Supplemental oxygen is delivered to the patient through a nasal cannula or a mask via tubing attached to the concentrator or tank. Supplementary oxygen can be bled into a CPAP or BiPAP machine with a small adapter placed between the CPAP machine and the CPAP hose that goes to the patient's sleep apnea mask. Masks, cannulas, and CPAP oxygen adapters all work with oxygen concentrators and oxygen tanks. Extra-long tubing is available to allow people to move about their house while wearing the supplemental oxygen. Humidification to prevent dryness in the nose may be provided by attaching specially made bottles of sterile water to the oxygen tanks or concentrators.
In the hospital, supplemental oxygen is almost always delivered with a continuous flow. Devices for home use may have settings for both continuous flow oxygen and pulse dose flow. Pulse dose flow conserves the supplemental oxygen by only providing it during inhalation.
Pulse dose settings vary from device to device. The pulse dose a patient needs on a tank may differ from the stationary concentrator. Similarly, the optimal pulse dose on a stationary concentrator may not match the optimal setting on a portable oxygen concentrator. A pulse oximeter helps to determine whether the patient has the right flow setting for them.
Pulse oximeters fit over the finger and measure the levels of oxygen in the blood. The pulse oximeter reports a value known as the SpO2 or oxygen saturation level. The physician should tell the patient and caregivers what an appropriate pulse oximetry value is for that patient. Oxygen saturation levels may drop during activity and sleep. Consequently, some people need higher flows or pulse dose settings during those times.

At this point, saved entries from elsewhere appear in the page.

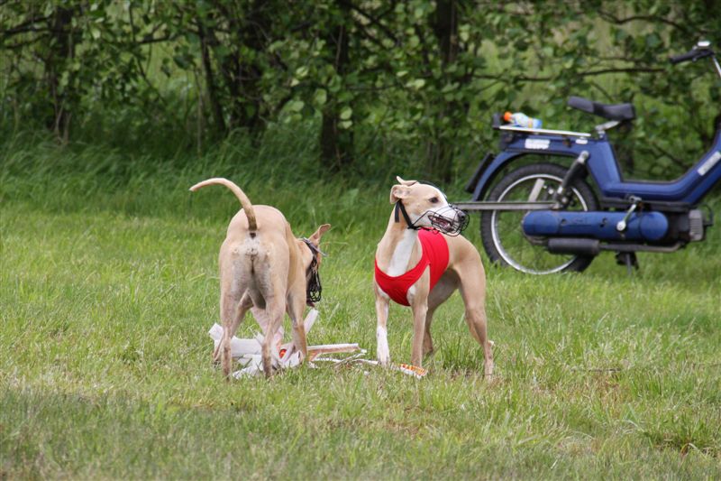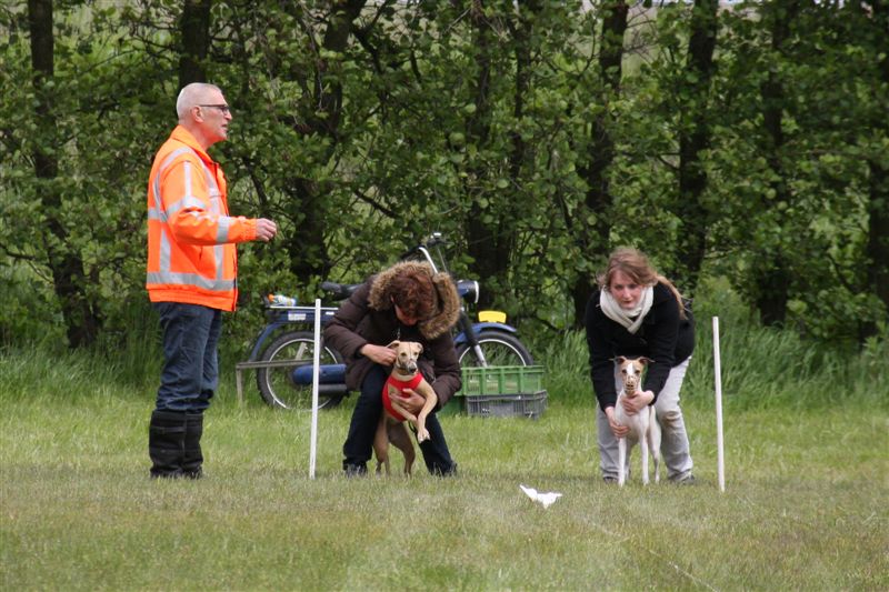 Het was een droge, gezellige en geslaagde trainingsdag, dankzij het bestuur en vrijwilligers van de WRVA; en dankzij de medewerking van Ernst en Sabrina t.b.v. het haasvast van Megan in Ivy. Bedankt allemaal! De volgende training is op 21 juni; als het goed is is Virginie dan ook van de partij, met Dune en Dusty. Want ja, de Sandjes hebben de smaak nu dan toch goed te pakken…… eindelijk, zullen sommigen zeggen ;>)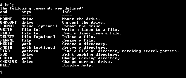 You can now type the listed commands and send arguments directly to the FileSystem API functions.
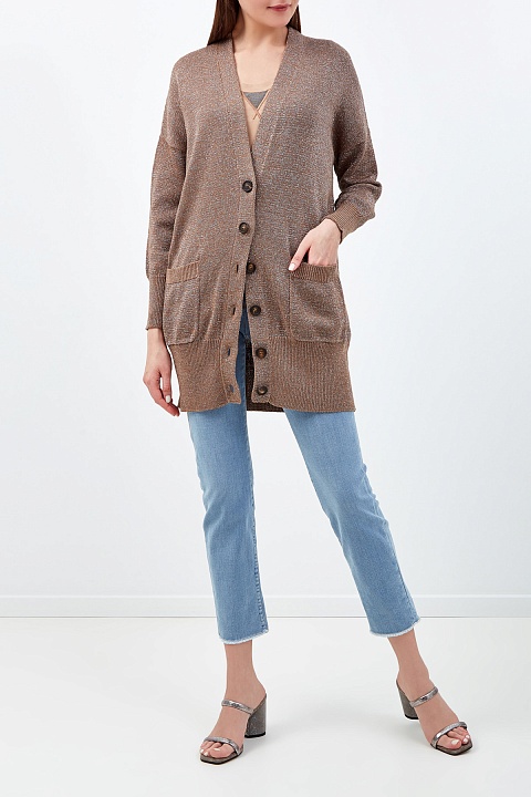 Мерцающий кардиган из хлопковой пряжи с карманами

Pulse oximetry is a vital tool in monitoring oxygen efficacy. Other signs that a patient may need extra oxygen are changes in the effort of breathing, cognition, dizziness, and fatigue.

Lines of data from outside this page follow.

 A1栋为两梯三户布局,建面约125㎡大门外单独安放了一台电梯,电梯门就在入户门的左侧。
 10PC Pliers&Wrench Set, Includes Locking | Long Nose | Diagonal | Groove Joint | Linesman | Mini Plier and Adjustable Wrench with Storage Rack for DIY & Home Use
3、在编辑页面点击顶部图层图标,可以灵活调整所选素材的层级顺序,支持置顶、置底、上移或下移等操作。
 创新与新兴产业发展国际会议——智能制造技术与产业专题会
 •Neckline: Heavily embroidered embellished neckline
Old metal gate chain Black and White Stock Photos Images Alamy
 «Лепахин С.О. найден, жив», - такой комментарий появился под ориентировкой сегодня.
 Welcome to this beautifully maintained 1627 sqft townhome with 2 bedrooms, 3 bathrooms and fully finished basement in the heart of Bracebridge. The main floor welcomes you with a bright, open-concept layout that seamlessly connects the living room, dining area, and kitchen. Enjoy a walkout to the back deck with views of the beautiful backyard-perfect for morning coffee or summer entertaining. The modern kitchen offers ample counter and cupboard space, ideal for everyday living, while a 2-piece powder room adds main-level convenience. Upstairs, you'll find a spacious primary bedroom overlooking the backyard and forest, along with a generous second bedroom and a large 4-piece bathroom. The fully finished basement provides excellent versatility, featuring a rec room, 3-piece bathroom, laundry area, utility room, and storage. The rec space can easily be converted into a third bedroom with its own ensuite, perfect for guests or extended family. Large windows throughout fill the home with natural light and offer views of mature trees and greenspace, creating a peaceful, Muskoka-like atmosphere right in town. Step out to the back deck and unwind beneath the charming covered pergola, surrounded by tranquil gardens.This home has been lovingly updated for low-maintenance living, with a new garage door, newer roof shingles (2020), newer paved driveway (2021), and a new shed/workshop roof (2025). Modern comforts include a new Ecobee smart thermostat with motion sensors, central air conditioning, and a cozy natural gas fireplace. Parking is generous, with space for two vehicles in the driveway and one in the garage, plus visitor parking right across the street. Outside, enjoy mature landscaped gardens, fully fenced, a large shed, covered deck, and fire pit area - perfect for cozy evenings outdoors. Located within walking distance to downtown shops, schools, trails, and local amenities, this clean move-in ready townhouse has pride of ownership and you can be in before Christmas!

Uninterrupted delivery of supplemental oxygen is imperative. There must be a backup plan for oxygen delivery in the case of device failures or power outages as well as a plan for travel. The typical home set up for oxygen therapy at a minimum includes both a stationary concentrator and oxygen tanks for this reason. Some portable oxygen concentrators can run on batteries. It is advisable to know the battery life of portable concentrators and to keep spare batteries and power supplies in case of malfunctions. Patients should also keep spare cannulas, masks, and tubing in case of breakage. Bags are available for transporting portable concentrators as well as oxygen cylinders to the grocery store or physician appointments.
Local emergency services should be notified when a household has a home oxygen user so that in the case of prolonged power outages or other disasters, they know where to triage support first.